Gran parte de la culpa de estos graves defectos es del guión de Melissa Mathison, la prestigiosa autora de E.T. Por un lado, su opción de narrar desde la perspectiva del propio Dalai Lama le acaba por imponer un desarrollo más reflexivo que narrativo, que fragmenta la trama en leves anécdotas dispersas. De este modo, el Dalai Lama resulta un personaje impreciso y distante, casi incapaz de conmover al espectador, aunque haga honor a su dignidad de kundun, esto es, de «océano de sabiduría».
Esta innacesibilidad se agranda por el tono hagiográfico de la película. Ciertamente, se aprecian los esfuerzos para no caer en la visión idílica que ofrecen otros films. Y así, en Kundun se muestra el atraso cultural del pueblo tibetano, la corrupción y ambición de algunos dirigentes que intentan un golpe de Estado, la existencia de ladrones y prisiones en la propia ciudad sagrada de Lhasa, el surgimiento de un movimiento armado nacionalista en el paraíso de la no violencia… Pero todo esto sólo toca de refilón al inconmovible Dalai Lama, que únicamente muestra cierta debilidad -cierta humanidad- en la muerte de su padre y en su ingenua transigencia inicial con un caricaturizado Mao Zedong.
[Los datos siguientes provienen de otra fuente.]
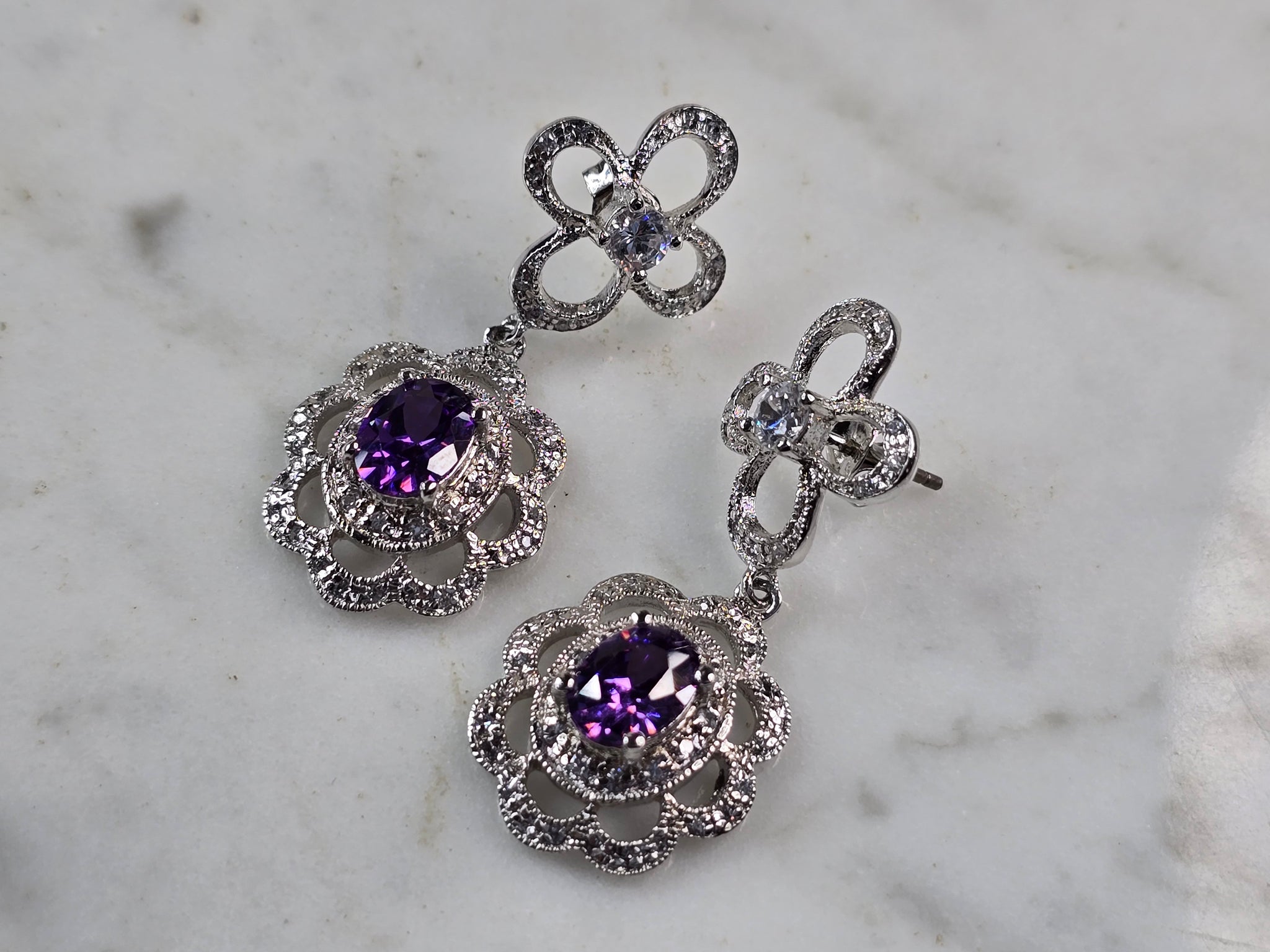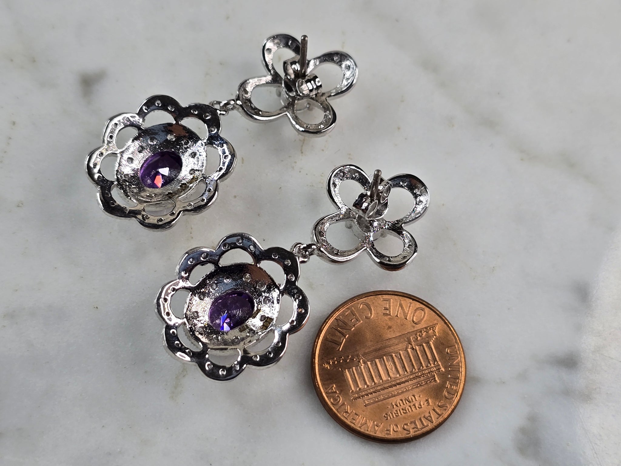 A PAIR OF WOMENS ESTATE STERLING SILVER AMETHYST COLORED EARRINGS.  EARRINGS WEIGH 8.4g, AND MEASURE  1 1/2" LONG BY  3/4" WIDE.  NOT SURE IF STONES ARE NATURAL OR MANMADE.   ANY QUESTIONS, PLEASE DO NOT HESITATE TO ASK.  BE SURE TO CHECK OUT SOME OF MY OTHER GREAT ITEMS UP FOR SALE. THANK YOU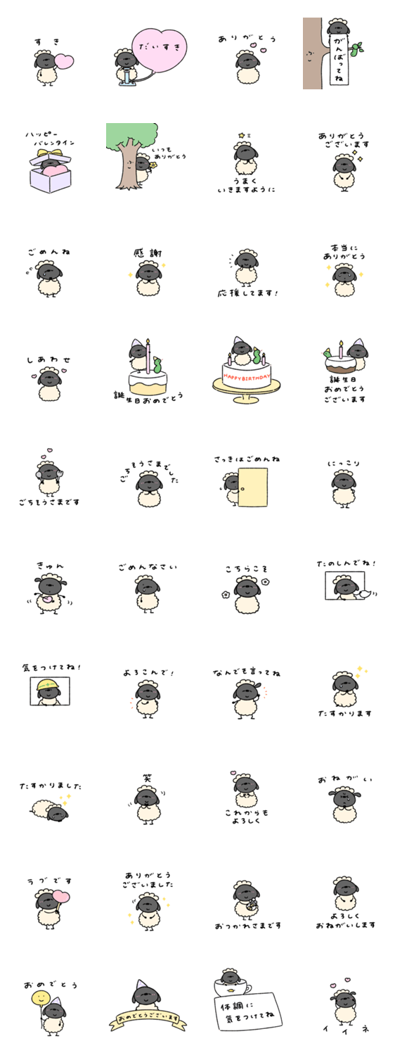 家族や友達、恋人に気持ちを伝えるひつじのスタンプです。

Esta misma indefinición afecta a la alabanza de la solidaridad y del perdón que hace Scorsese, y a su reflexión sobre el valor redentor de la expiación de las propias culpas, uno de sus temas recurrentes. Al asumirse sin reservas la confusa doctrina budista sobre la reencarnación de las almas, esas sugestivas ideas se edifican en el aire; pues dicha doctrina conduce a un inevitable determinismo, que imposibilita un adecuado entendimiento de la libertad humana y, por tanto, del verdadero sentido del pecado y del arrepentimiento. Por otro lado, esto deja ver de paso la insustancialidad de la respuesta budista al sufrimiento, sobre todo al sufrimiento moral.